__Task instructions__:
Copy the lines below, please, starting with the one that contains "提示硬件部匹配,這樣什么問題,再博途根據組態來選的硬件,還不匹配?" and ending with the last. Pictures stay out.

Dataset items:
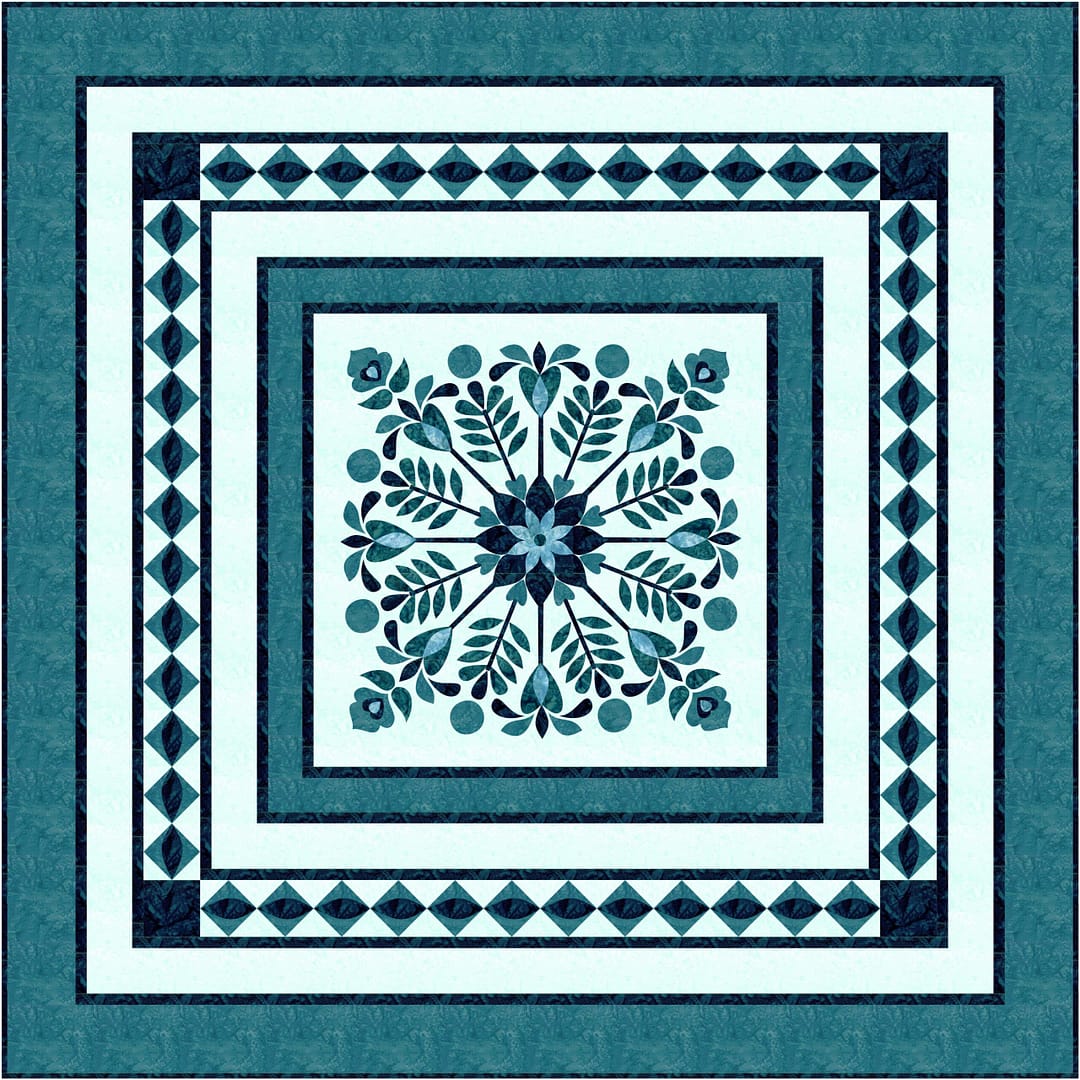 A curated blue fabric bundle designed for the Winter Whispers block series, beginning with Frosted Branches. Each bundle includes 2 yards total: one yard of the lightest fabric for background and breathing space, plus four coordinating blues for contrast and depth.
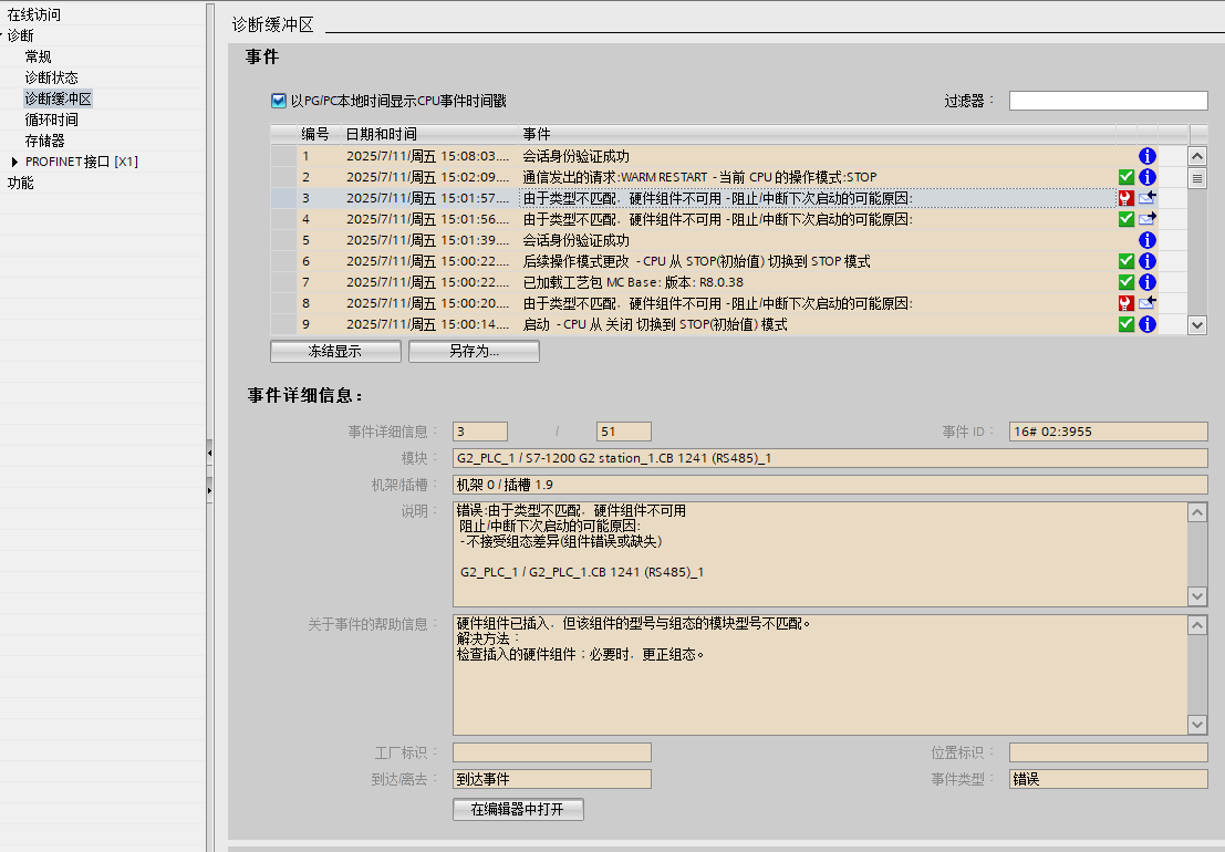 提示硬件部匹配,這樣什么問題,再博途根據組態來選的硬件,還不匹配?
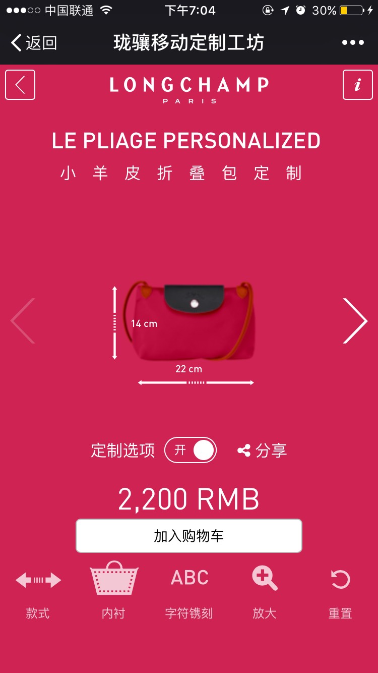 该微信媒体中心是由Longchamp珑骧中国内部团队和品牌长期合作的一家数字媒体机构共同完成,后者提供了搭建该平台的技术服务。而在今年5月,Longchamp珑骧亦在该机构的技术支持下,于官方微信账号上推出了涉足电商领域的首个项目:微信线上定制Le Pliage折叠包服务。
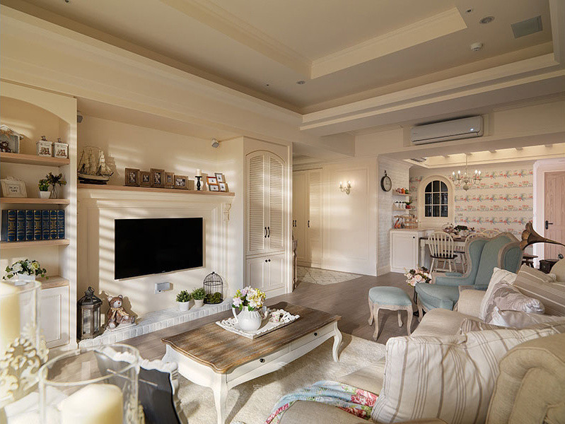 嵌入式空調(diào)的設(shè)計使得壁掛機顏值頓時升高一大截。層高較高的房子多級吊頂做出了空間的層次感。
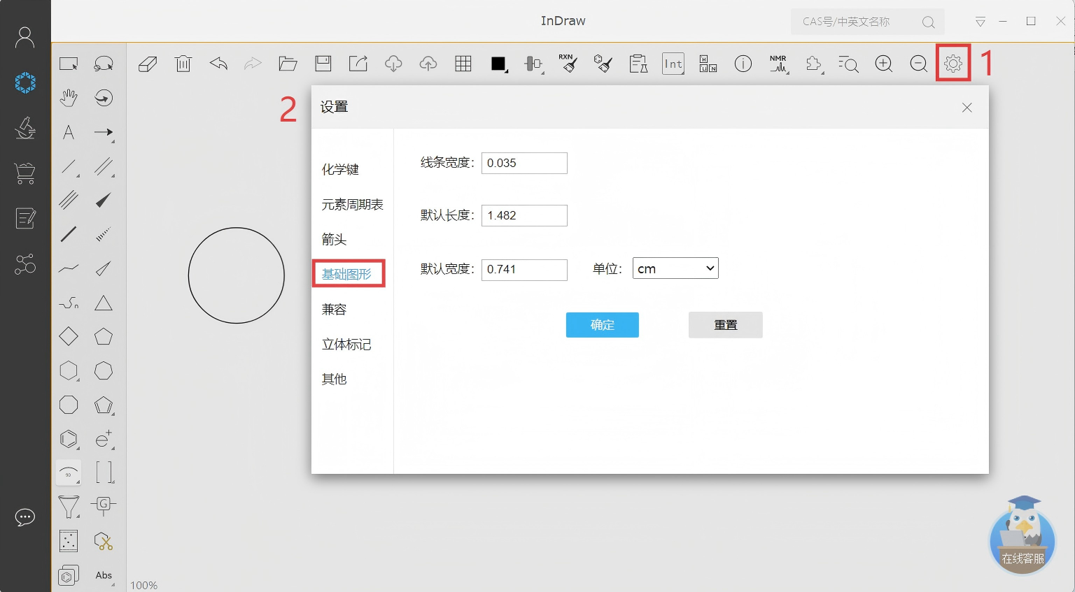 在顶部工具栏中,设置→基础图形,可以对基础图形的各项参数进行设置,包括线条宽度、默认长度、默认宽度、单位等。

__Your response__:
 提示硬件部匹配,這樣什么問題,再博途根據組態來選的硬件,還不匹配?
 该微信媒体中心是由Longchamp珑骧中国内部团队和品牌长期合作的一家数字媒体机构共同完成,后者提供了搭建该平台的技术服务。而在今年5月,Longchamp珑骧亦在该机构的技术支持下,于官方微信账号上推出了涉足电商领域的首个项目:微信线上定制Le Pliage折叠包服务。
 嵌入式空調(diào)的設(shè)計使得壁掛機顏值頓時升高一大截。層高較高的房子多級吊頂做出了空間的層次感。
 在顶部工具栏中,设置→基础图形,可以对基础图形的各项参数进行设置,包括线条宽度、默认长度、默认宽度、单位等。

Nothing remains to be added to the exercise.